We could also observe that biofilms promote neutralisation due to CO2 from respiration. In fact, photosynthesis and respiration in biofilms induce a diurnal effect at high pH. The pH variation in biofilm colonized systems shows a diurnal cycle of 1 to 1.5 pH units due to CO2 uptake and release associated with respiration and photosynthesis. However, the hydraulic configuration has more influence on neutralisation of alkaline waters than biofilm.
The management of alkaline (pH 11-12.5) leachate is an important issue associated with the conditioning, afteruse or disposal of steel slags (an important by-product of the steel industry). Passive in-gassing of atmospheric CO2 is a low cost option for reducing alkalinity, producing calcium carbonate.
View of the biofilm colonized systems used in the experiments
The field trial at the Scunthorpe British Steel plant started this month. We are currently monitoring the existing wetland for passive treatment of the steel slag leachate. We are aiming to understand better what happens to vanadium (plant uptake / partitioning) and also to determine the treatment buffering rates. We hope to be able to publish some exciting results soon!
Our team has another publication entitled: “Removal and recovery of vanadium from alkaline steel slag leachates with anion exchange resins” by Helena I. Gomes, Ashley Jones, Mike Rogerson, Gillian M. Greenway, Diego Fernandez-Lisbona, Ian T. Burke, and William M. Mayes, now published on the Journal of Environmental Management.
This work tested the efficiency of anion exchange resins for vanadium removal and recovery from steel slag leachates at pH 11.5. The results show, for the first time, that the resins can be used successfully to both remove and recover vanadium from steel slag leachate.
As an environmental contaminant, removal of vanadium from leachates may be an obligation for long-term management requirements of steel slag landfills. Vanadium removal coupled with the recovery can potentially be used to offset long-term legacy treatment costs.
The maximum adsorption capacity was 27 mg of vanadium per gram of resin. In the column tests, the concentration in the effluent was only 14% of the initial concentration after passing 90 L of steel slag leachate. We could recover 57–72% of vanadium from the resin. Trials on the reuse of the anion exchange resin showed that it could be reused 20 times without loss of efficacy, and on average 69% of vanadium was recovered during regeneration.
Our team has now available a Ph.D. opportunity at the University of Leeds on “Long-term management of leachates produced from highly alkaline bauxite residues” with Dr Ian Burke (SEE), Prof Doug Stewart (Civil Eng), Dr Will Mayes (Hull) and Amiel Boullemant (Rio Tinto Legacy Management).
- Investigate the fate and mobility of soluble metals (Al, As, Mo.
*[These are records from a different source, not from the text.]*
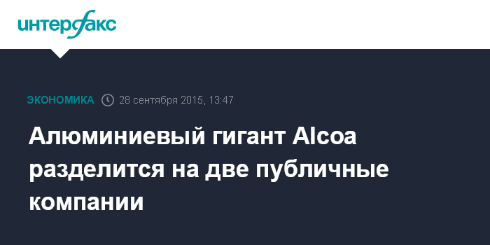 Москва. 28 сентября. INTERFAX.RU – Американская Alcoa, крупнейший мировой производитель алюминия по капитализации, в понедельник объявила о предстоящем разделении на две публичные независимые компании.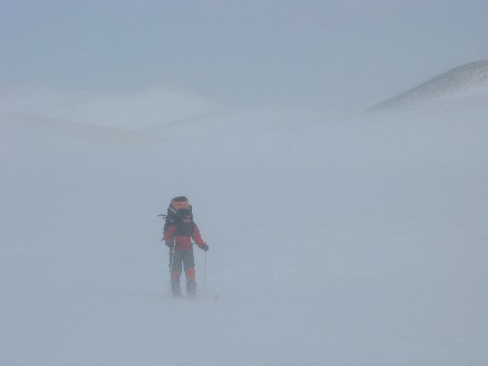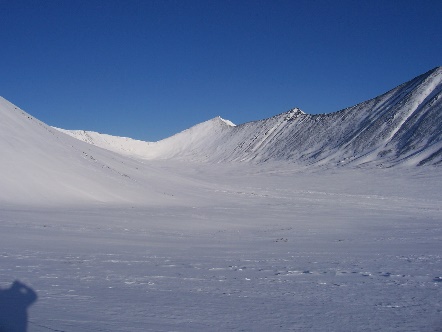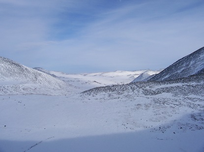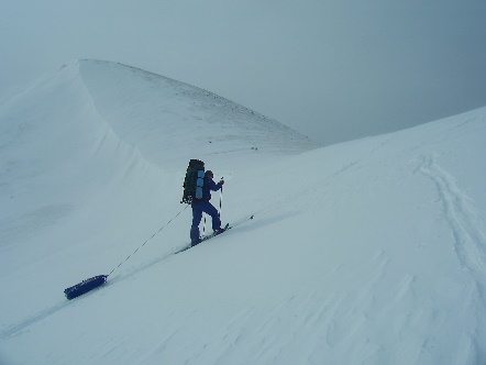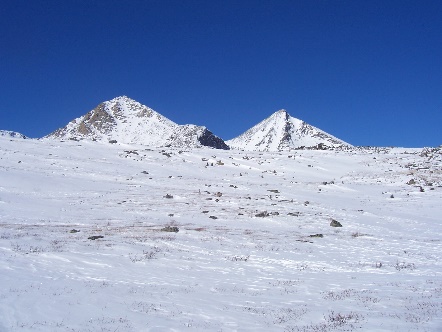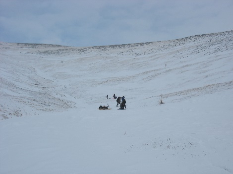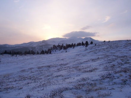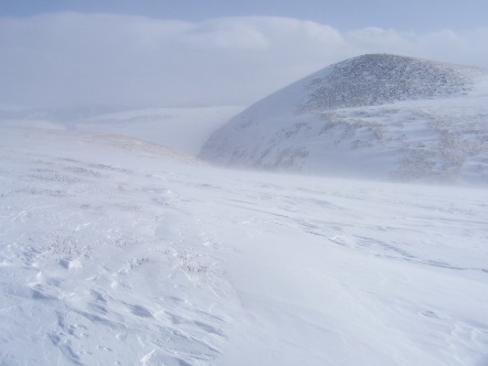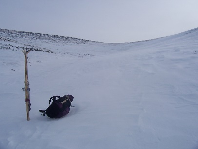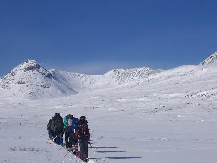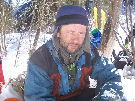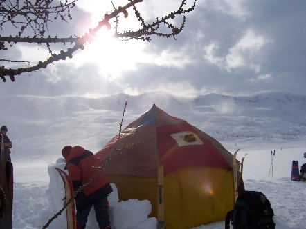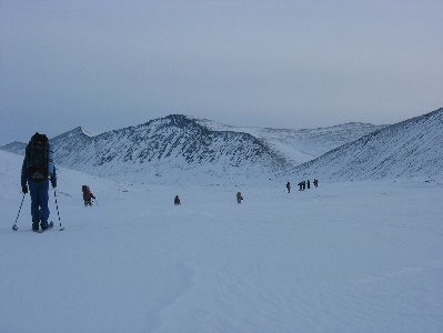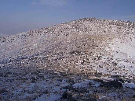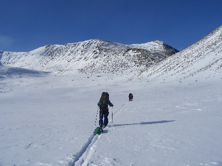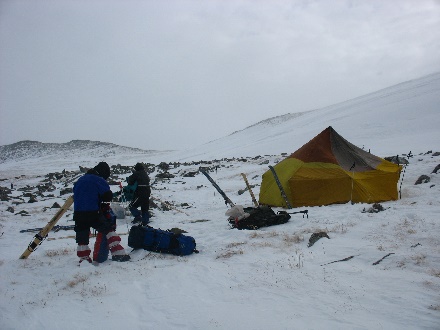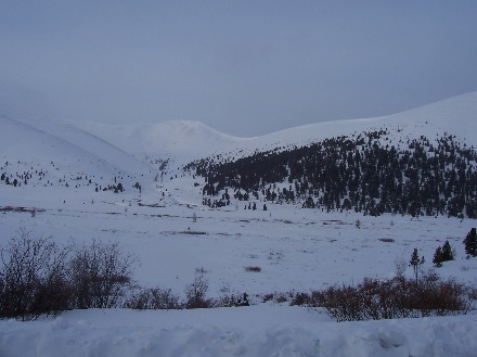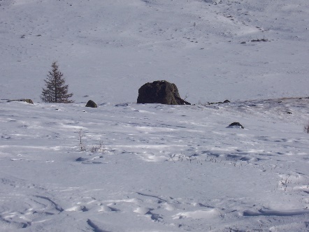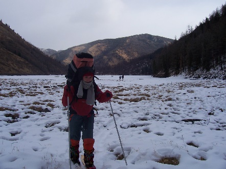 23.02 Температура – 18°С. Выход 8:0000. За 2 перехода дошли до начала подъёма. В 10:00 поднялись на плато к подножию вершины Позарым. Достаточно жёсткий фирн, дует встречный ветер. За 40 минут обошли куполообразную вершину слева (по ходу) и спустились к ручью Самжир. Снег не глубокий 0.3 – 0.4 м. под снегом сплошные заросли карликовой берёзки. Пересекли левый исток р.Самжир и через 20 минут на правом истоке реки пере подъемом под защитой крутого склона от ветра встали на обед. 11:30. Выход с обеда в 13:45 поднимаемся на водораздел на расстоянии 200 – 150 метров от каньона по левому борту долины. 14:00 поднялись на плоский водораздел. Впереди плоское заболоченное плато постепенно понижающееся и преходящее в долину реки Хайрлигмес. Видимость 1-1,5 км. Пересекаем плато сильно дует встречный ветер, плотный фирн, редко встречаются заструги. Постепенно проявляется скалистая громада массива Эри-Тайга. 15:05 группа на перегибе плато в долину реки Хайрлигмес, начинаем спускаться в долину по правому борту долины, снег переменной плотности приходится тропить по очереди. В зоне леса на первом правом притоке реки Хайрлигмес встали на ночёвку в 16:05. Вода из ручья.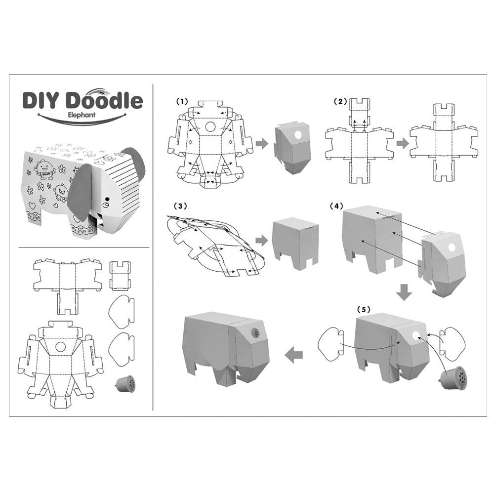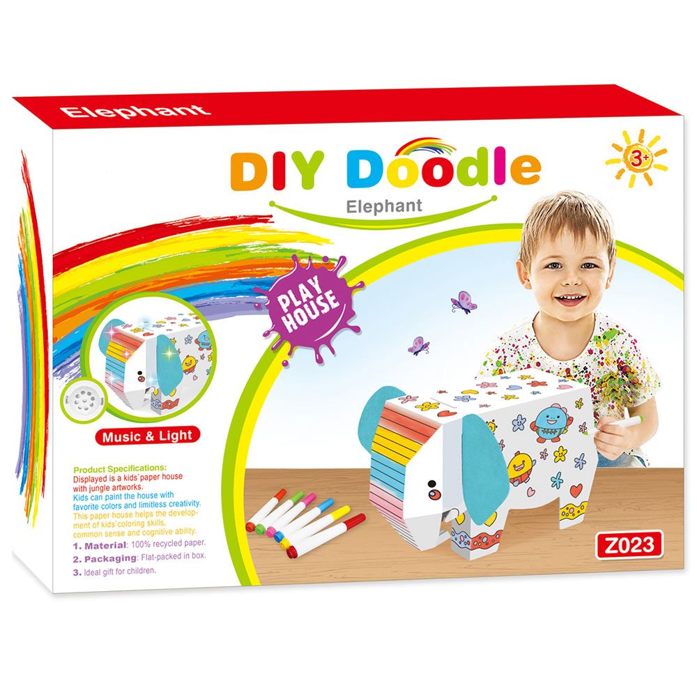 The Eazy Kids Elephant Doodle Kit adds fun to learning with music and lights! Kids can build and color this 3D elephant model using the included sketch pens. Encourages creative play and fine motor skills. A thoughtful gift for birthdays or educational play. Recommended for ages 3+.
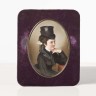 >Paris Médaillon ovale en porcelaine à décor polychrome d’un portrait de jeune file assise, vêtue d’une robe et d’un chapeau noir. Signé Kantz Deuxième moitié du xIxe siècle h 15,5 cm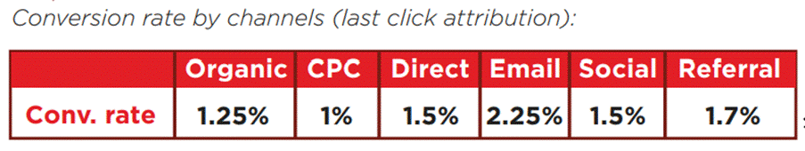 One of the surprising findings for us is the fact that referral traffic demonstrates the second highest conversion rate on the market under the study. Meanwhile, many ecommerce websites focus on increasing organic and direct traffic and, thus, invest in SEO and activities designed to increase brand awareness.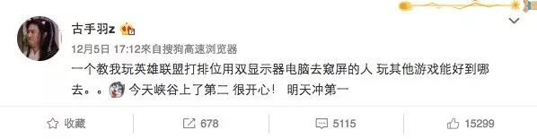 12月5日,卢本伟曾经的徒弟古手羽发了一条微博,再加一记锤子。
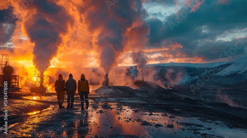 geothermal, power, plant, sunset, steam, cloud, sky, landscape, industrial, energy, factory, men at work, silhouette, water, ground, mountain, snow, horizon, orange, red, blue, dark, mist, fog, winter, cold, environment, nature, station, industry, electricity, natural, resource, renewable, production, human, source, emission, gas, smog, pollutant, turbine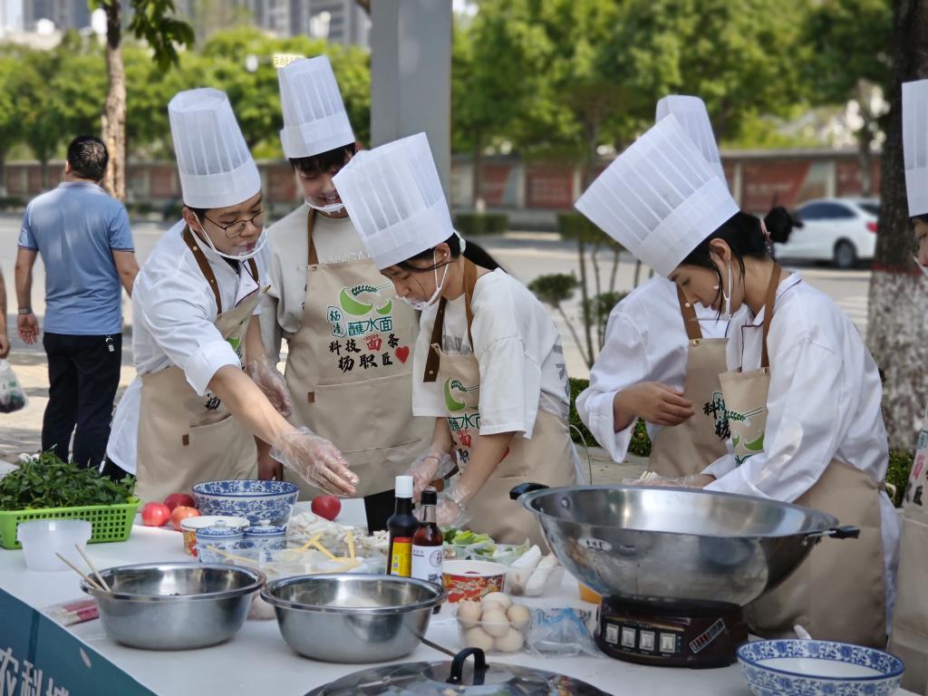 品鉴活动设置“科技创新体验组”、“国际合作体验组”、“乡村振兴体验组”、“示范推广体验组”等四个组别,参赛选手中有高校师生、有社区居民、有蘸水面商家,杨职代表队参加的是“示范推广体验组”。活动中,我校师生把一块块面团,通过揉、擀、扯、甩的手法,加工成又宽又长、又薄又劲道的面条,大家配合默契、技术到位、分工明确,完美展现了我校学生的风采。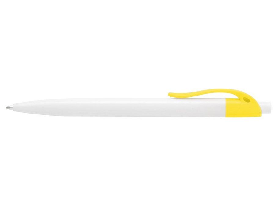 Стильная пластиковая ручка с ярким цветным клипом и белым корпусом отлично подойдет для нанесения логотипов и рекламной информации. Нажимной механизм.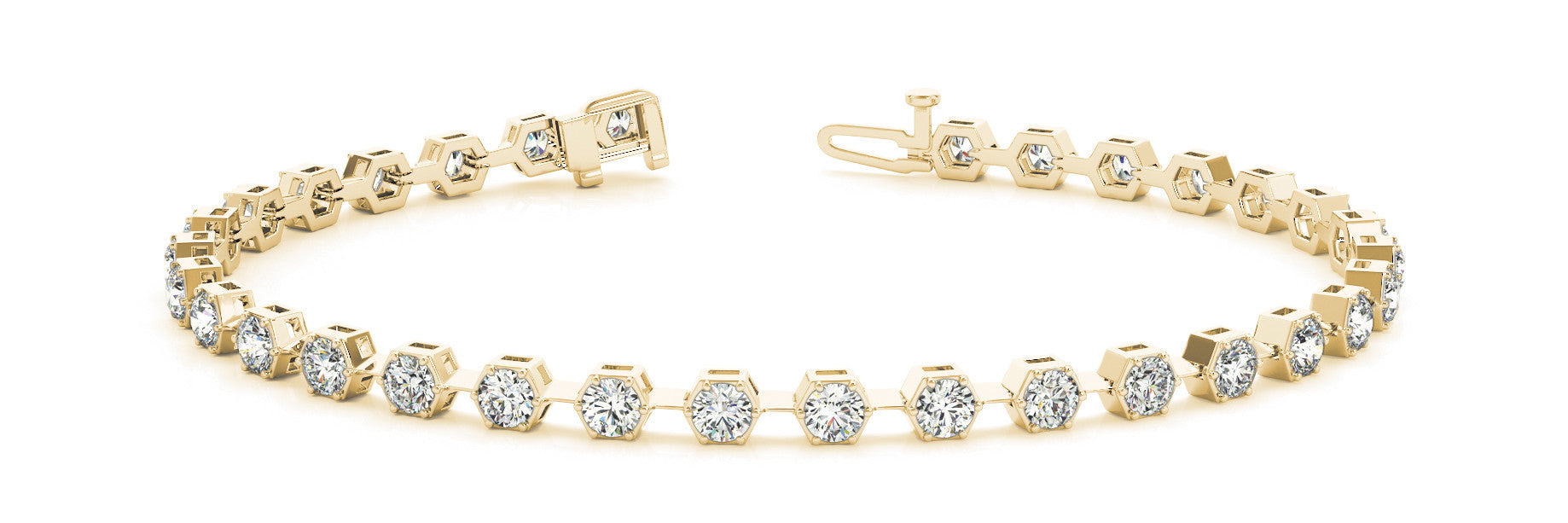 Yellow gold Hexagon Bezel Round Diamond Tennis Bracelet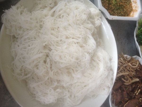 干米线下锅烫软备用、(买不到干米线的地方可以用细粉丝泡开煮了过凉水备用)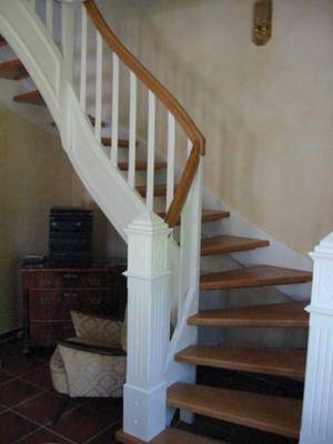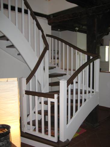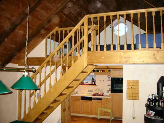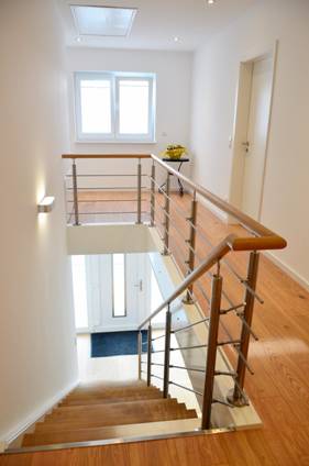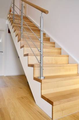 Wählen Sie aus zwischen einer gestemmten oder aufgesattelten Treppe und nennen Sie uns auch gerne für die Gestaltung von Geländer und Handläufen Ihre persönlichen Vorstellungen. Auf Wunsch fertigen und montieren wir außerdem Brüstungsgeländer und Verkleidungen für Deckenkanten sowie eigenständige Geländer aus Holz für geflieste Treppen.

V) in relevant leachate management systems (e.g. neutralisation, re-circulation) using a combination of on-site measurement and laboratory experimentation (with synchrotron and electron microscopy based characterisation of metal(loid) speciation in the solid phases produced).
- Determine the effectiveness of residue treatments (e.g. in situ neutralisation, carbonation reactions) for controlling trace metal(loid) leaching and their long-term role in promoting residue stability and rehabilitation/ revegetation prospects.
- Investigate the fate of released oxyanions (chiefly V) in natural environments receiving treated leachates in order to understand the role of interactions with soil minerals and organic matter in controlling metal(loid) mobility and risk.
Project partner(s): Rio Tinto Legacy Management
Contact email: firstname.lastname@example.org
You can find detailed information here.
Out team just published a new paper on vanadium recovery from red mud leachates using ion exchange resins. The paper is available on open access here.
Bauxite residue or red mud is an important by-product of the alumina industry, and current management practices do not allow their full valorisation, especially with regard to the recovery of critical metals, like vanadium.
This paper focus on vanadium removal and recovery from the leachates, with emphasis on the environmental remediation of bauxite residue disposal areas or closed legacy sites where vanadium is both a contaminant and a metal with economic interest present in the effluent.
As an environmental pollutant, removal of vanadium from leachates may be an obligation of bauxite residue disposal areas (BRDA) long-term management requirements. Vanadium removal from the leachate can be coupled with the recovery, and potentially can be used to offset long-term legacy treatment costs in legacy sites.
This study has shown that anion exchange resins can be used for metal removal and recovery from bauxite residue leachates in a highly alkaline pH range (up to 13).
The results showed that using simulated undiluted bauxite residue leachate as feed solution limited the resin efficacy, due to the presence of competing ions. However, the resins are very effective at V removal for simulated post-closure bauxite residue disposal areas (BRDA) effluent.
In the column experiments, V was readily eluted from the resins in concentrations similar to some industrial process liquors, which holds promise for recovery and recycling of V into downstream industrial processes.
Further research is required to scale-up laboratory findings. This should include assessment pretreatments and optimisation of operating parameters, such as flow rate and bed height. This will help facilitate life cycle assessments of anion exchange resins as a potentially efficient and cost-effective option for both the treatment of bauxite residue leachates and the recovery of metals of critical importance such as vanadium.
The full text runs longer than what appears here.